**PROBLEM STATEMENT:** Write out an exact copy of the line containing "2013年初夏のアメリカにて" and all lines that follow it in the data below, leaving out pictures.

**DATA BLOCK:**
━━━━━━━━━━━━━━━━━━━━━━━━━━━━━━
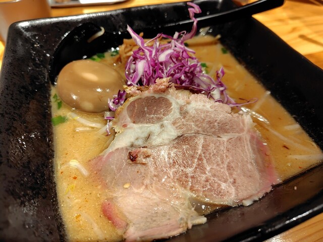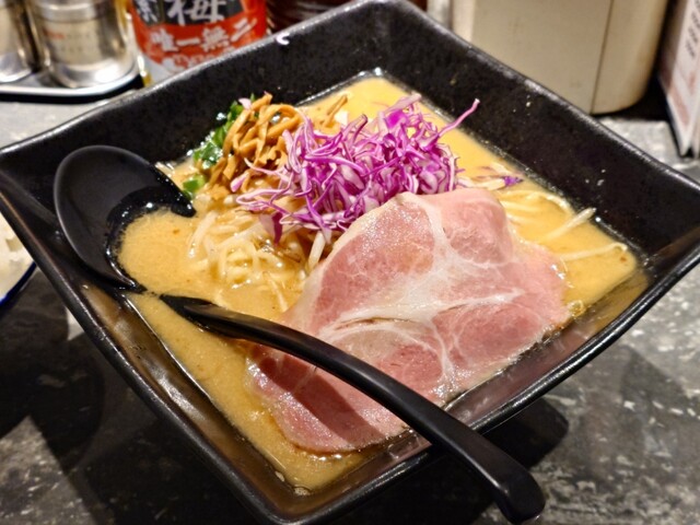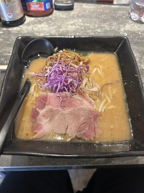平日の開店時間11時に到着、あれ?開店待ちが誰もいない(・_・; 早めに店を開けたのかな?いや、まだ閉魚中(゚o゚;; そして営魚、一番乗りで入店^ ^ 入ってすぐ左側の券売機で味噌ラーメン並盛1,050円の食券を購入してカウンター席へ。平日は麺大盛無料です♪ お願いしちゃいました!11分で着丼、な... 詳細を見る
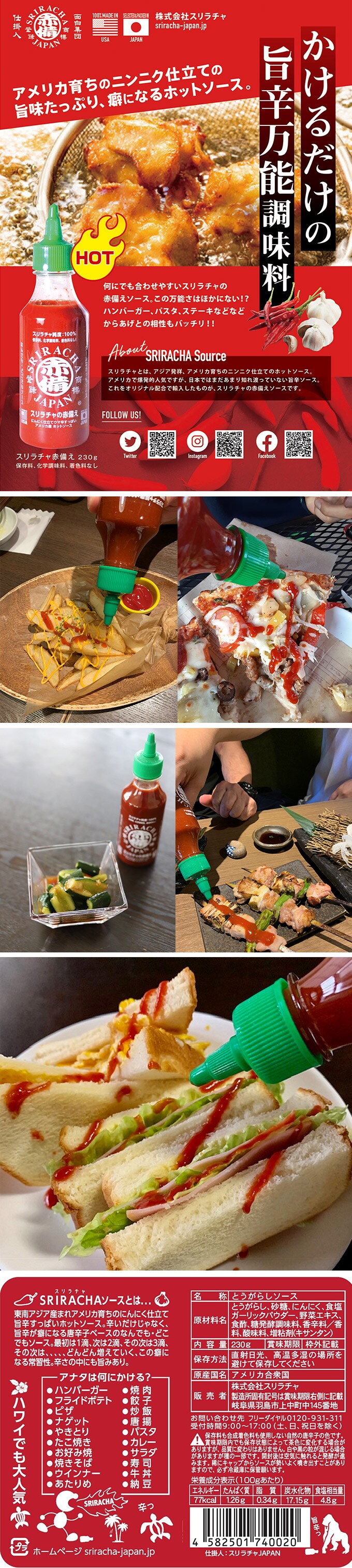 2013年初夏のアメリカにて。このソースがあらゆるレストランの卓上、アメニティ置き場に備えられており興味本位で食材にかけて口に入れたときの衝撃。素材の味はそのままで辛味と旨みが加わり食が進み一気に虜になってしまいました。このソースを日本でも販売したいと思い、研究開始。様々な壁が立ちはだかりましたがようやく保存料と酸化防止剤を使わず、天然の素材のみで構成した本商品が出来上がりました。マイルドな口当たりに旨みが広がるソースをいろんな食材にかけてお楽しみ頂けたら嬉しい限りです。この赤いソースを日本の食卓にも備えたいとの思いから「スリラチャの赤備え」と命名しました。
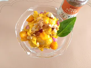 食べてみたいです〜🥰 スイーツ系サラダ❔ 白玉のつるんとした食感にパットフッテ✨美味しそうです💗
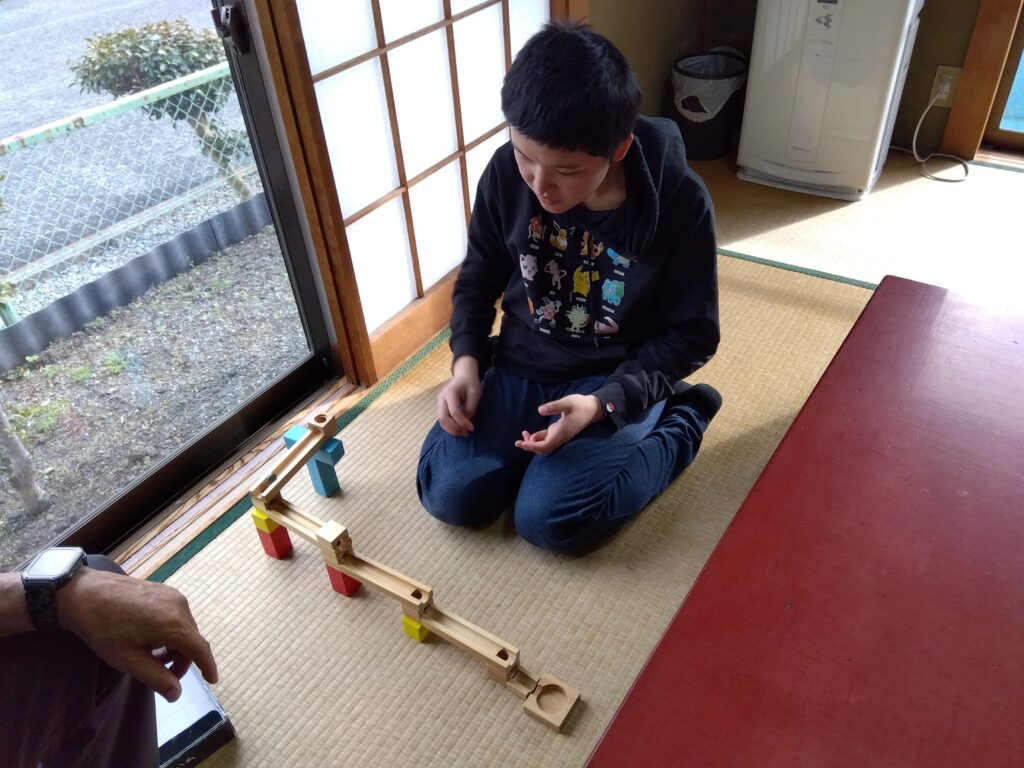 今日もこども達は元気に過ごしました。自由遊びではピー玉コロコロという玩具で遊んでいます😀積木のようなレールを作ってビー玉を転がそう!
━━━━━━━━━━━━━━━━━━━━━━━━━━━━━━
**SOLUTION FOR THIS TASK:**
 2013年初夏のアメリカにて。このソースがあらゆるレストランの卓上、アメニティ置き場に備えられており興味本位で食材にかけて口に入れたときの衝撃。素材の味はそのままで辛味と旨みが加わり食が進み一気に虜になってしまいました。このソースを日本でも販売したいと思い、研究開始。様々な壁が立ちはだかりましたがようやく保存料と酸化防止剤を使わず、天然の素材のみで構成した本商品が出来上がりました。マイルドな口当たりに旨みが広がるソースをいろんな食材にかけてお楽しみ頂けたら嬉しい限りです。この赤いソースを日本の食卓にも備えたいとの思いから「スリラチャの赤備え」と命名しました。
 食べてみたいです〜🥰 スイーツ系サラダ❔ 白玉のつるんとした食感にパットフッテ✨美味しそうです💗
 今日もこども達は元気に過ごしました。自由遊びではピー玉コロコロという玩具で遊んでいます😀積木のようなレールを作ってビー玉を転がそう!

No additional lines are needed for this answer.